Alcohol exposure during gestation can lead to severe defects in brain development and lifelong physical, behavioral and learning deficits that are classified under the umbrella term fetal alcohol spectrum disorder (FASD). Sadly, FASD is diagnosed at an alarmingly high rate, affecting 2%-5% of live births in the United States, making it the most common non-heritable cause of mental disability. Currently, no standard therapies exist that are effective at battling FASD symptoms, highlighting a pressing need to better understand the underlying mechanisms by which alcohol affects the developing brain. While it is clear that sensory and cognitive deficits are driven by inappropriate development and remodeling of the neural circuits that mediate these processes, alcohol's actions acutely and long-term on the brain milieu are diverse and complex. Microglia, the brain's immune cells, have been thought to be a target for alcohol during development because of their exquisite ability to rapidly detect and respond to perturbations affecting the brain. Additionally, our view of these immune cells is rapidly changing, and recent studies have revealed a myriad of microglial physiological functions critical for normal brain development and long-term function. A clear and complete understanding of how microglial roles on this end of the spectrum may be altered in FASD is currently lacking. Such information could provide important insights toward novel therapeutic targets for FASD treatment. Here we review the literature that links microglia to neural circuit remodeling and provide a discussion of the current understanding of how developmental alcohol exposure affects microglial behavior in the context of developing brain circuits.
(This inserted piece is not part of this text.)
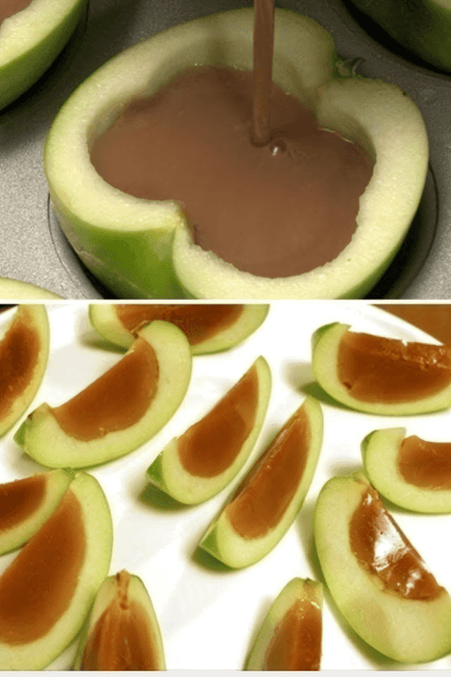 Когда начинка затвердеет, достаньте яблоки и порежьте на ломтики.

Keywords: ethanol; microglia; neurodevelopment; neuroimmune; plasticity; synapse.

Figure 1

Microglia are active participants in neuronal circuit development and maintenance. (A) Microglia regulate neuronal populations through: 1. Release of pro-survival signals such as interleukin-1 beta (IL-1β), interferon-gamma (INF-γ) and interleukin-6 (IL-6), 2. Activation of Cd11b and DAP12 as well as release of reactive oxygen species (ROS) and tumor necrosis factor alpha (TNF-α) by microglia lead to neuronal apoptosis 3. Phagocytosis of dying neurons and debris by microglia. (B) During development and adulthood microglia participate in synaptic plasticity and pruning through numerous signaling mechanisms including: 4. Complement system driven phagocytosis of synapses, CX3CR1 mediated regulation of circuit development, P2Y12 receptor (P2Y12R) dependent synaptic plasticity, and microglial release of brain derived neurotrophic factor (BDNF).

Figure 2

Developmental EtOH exposure activates microglia and impairs their homeostatic functions. (A) Developmental EtOH exposure causes acute microglial activation which produces: 1. Activation and production of inflammatory signals 2. Increased neuronal death and phagocytosis. (B) Developmental EtOH exposure produces changes in dendritic spine density and could impact microglial interactions with synapses. 3. A number of microglia-neuron signaling systems could be disrupted and contribute to spine density changes including: complement dependent pruning, decreased CX3CR1 signaling altered BDNF release.